The inclusion of cucumber raita adds a refreshing contrast to the tikki’s richness. Cucumbers are low in calories and high in water, which helps with hydration and reduces overall calorie intake. Their natural antioxidants, such as flavonoids and vitamin C, support skin health and reduce inflammation. This combination of protein-rich tikki and hydrating raita is a winning strategy for a light, nutritious snack that keeps you full and energized without compromising on taste. It’s a great way to incorporate more plant-based protein into your daily diet.
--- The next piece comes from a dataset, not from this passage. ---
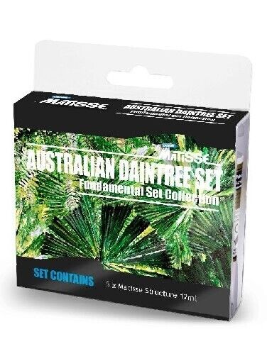 This set offers a succulent selection of colours inspired by the iconic Daintree rainforests of Northern Queensland Australia. Set Contains 12ml tubes of: Southern Ocean Blue, Aus. Blue Gum, Aus. Sap Green, Aus. Olive Green, and Aus. Yellow Green.

FAQs About Egg Chana Dal Tikki

Q: Can I prepare egg chana dal tikki without using oil?

A: While a small amount of oil is necessary for crispiness, you can reduce it further by using a non-stick baking sheet or air-fryer. A light spray ensures the tikkis are golden without excess grease.

Q: Is the how to prepare egg chana dal tikki recipe suitable for vegetarians?

A: Yes, this recipe is naturally vegetarian. You can substitute eggs with a tofu-based alternative or a flaxseed egg if you prefer a vegan version.

Q: How can I store leftover egg chana dal tikki?

A: Store the cooked tikkis in an airtight container in the refrigerator for up to 2 days. For longer storage, freeze them in a single layer and reheat in an oven or air-fryer when ready to serve.